%%
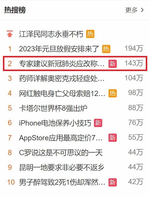 「專家建議新冠肺炎應改稱新冠病毒傳染病」登上微博熱搜第二位。
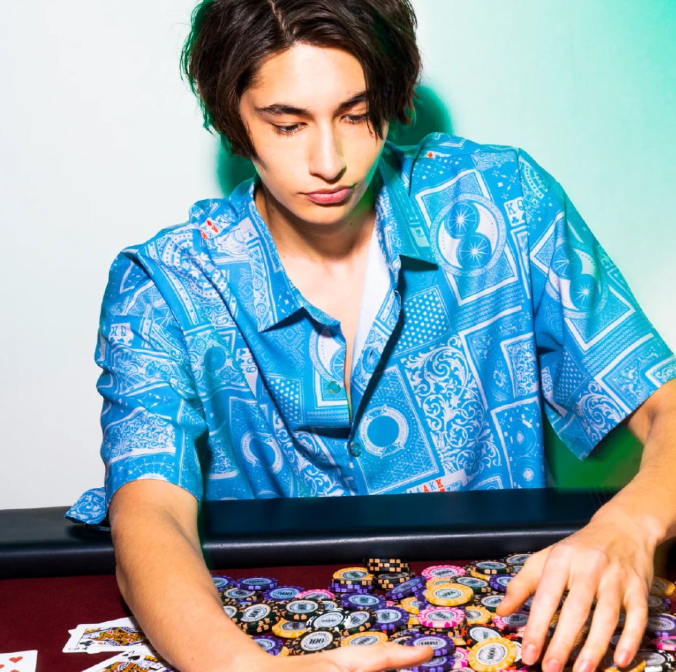 爽やかな水色トランプ柄が目を引くシャツ。 アクセントとして赤色を配置し爽やかながらもデザイン性の高い仕上がりに。 さらさらとした肌触りのオリジナル素材を使用し、高級感のある質感になっています。
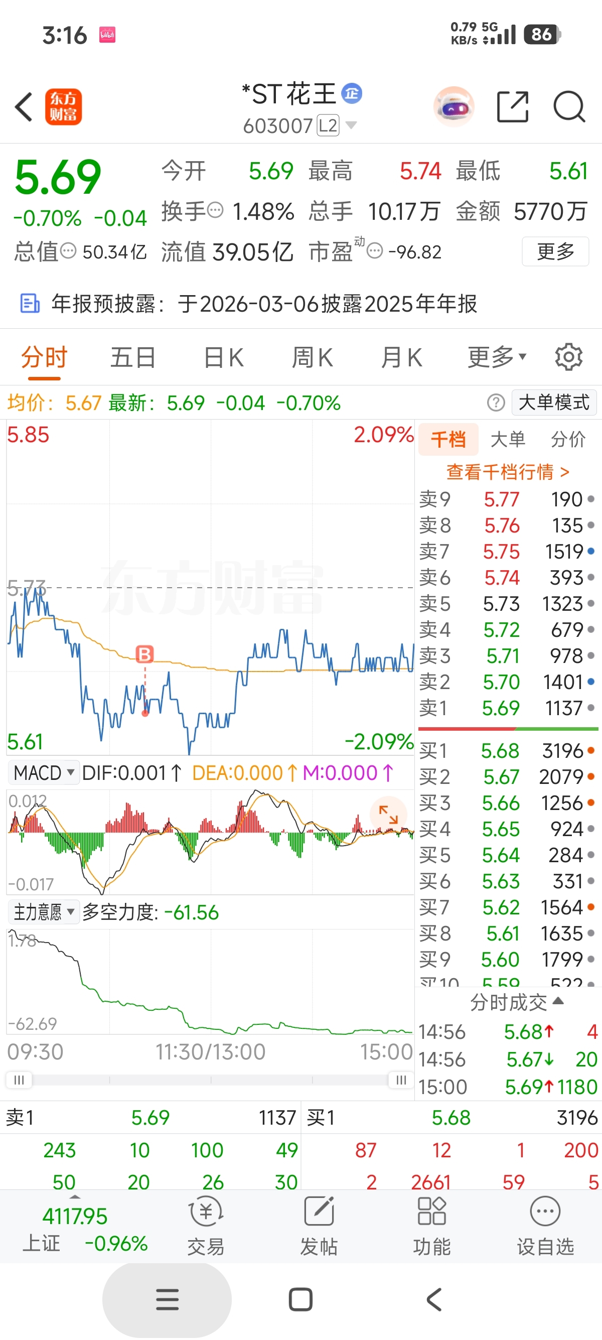 $*ST花王(SH603007)$ 今天果断加仓了,不知道是对是错
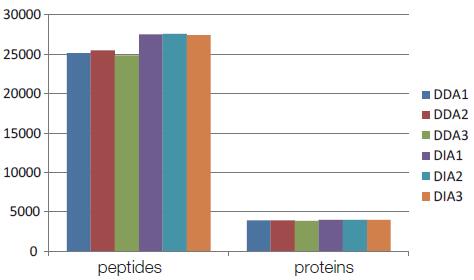 圖 4. 3 次 DDA 實(shí)驗(yàn)和 3 次 DIA 實(shí)驗(yàn)定量到的肽段和蛋白
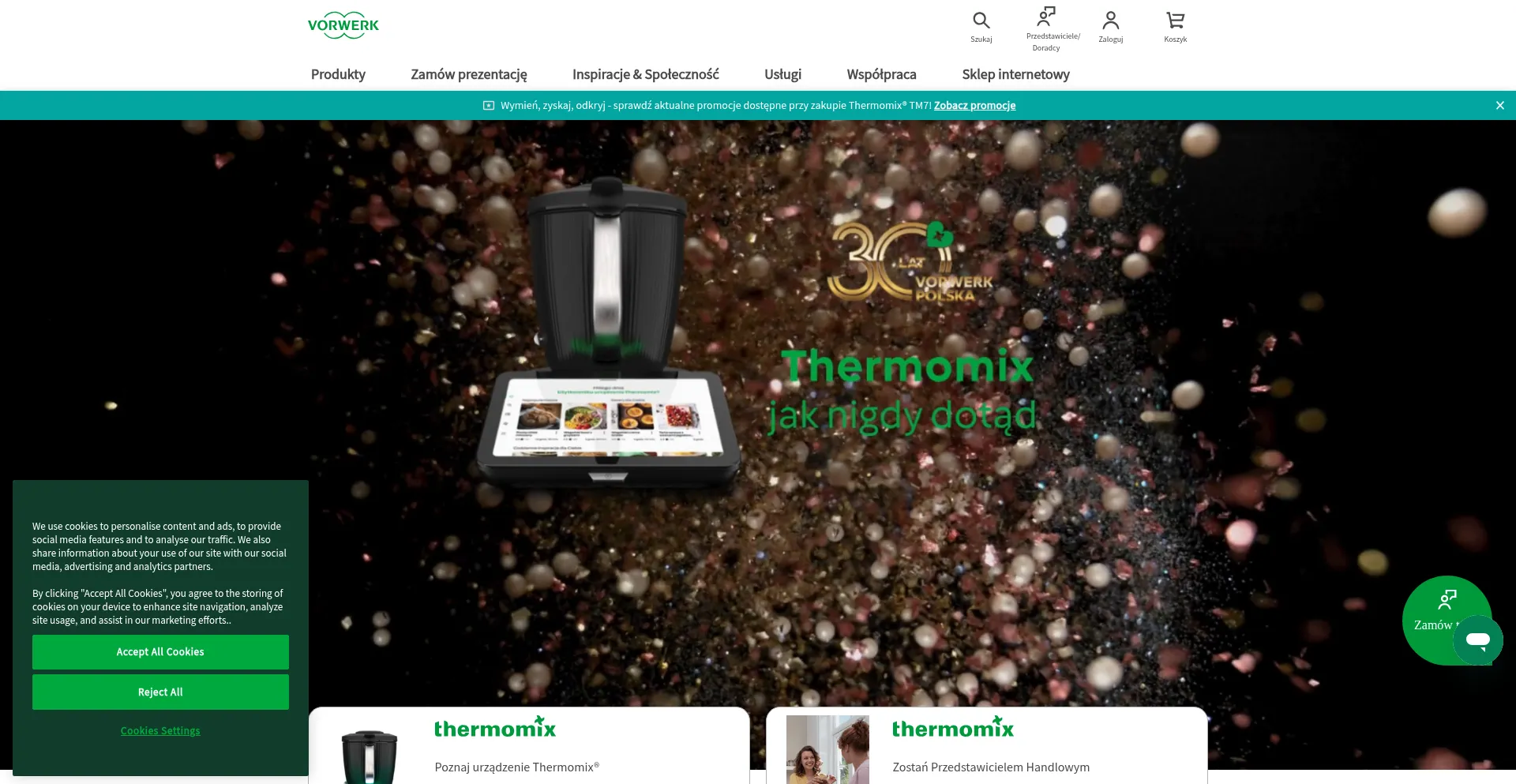 The website implements cookie consent mechanisms in compliance with privacy regulations such as GDPR or CCPA. This demonstrates that thermomix.pl adheres to data protection standards and provides users with control over personal data collection practices.
%%
- _What to work on_: Restate, word for word, each line from the one with "圖 4. 3 次 DDA" to the end of the entries, both included, and keep every picture out.

- _Response area_:
 圖 4. 3 次 DDA 實(shí)驗(yàn)和 3 次 DIA 實(shí)驗(yàn)定量到的肽段和蛋白
 The website implements cookie consent mechanisms in compliance with privacy regulations such as GDPR or CCPA. This demonstrates that thermomix.pl adheres to data protection standards and provides users with control over personal data collection practices.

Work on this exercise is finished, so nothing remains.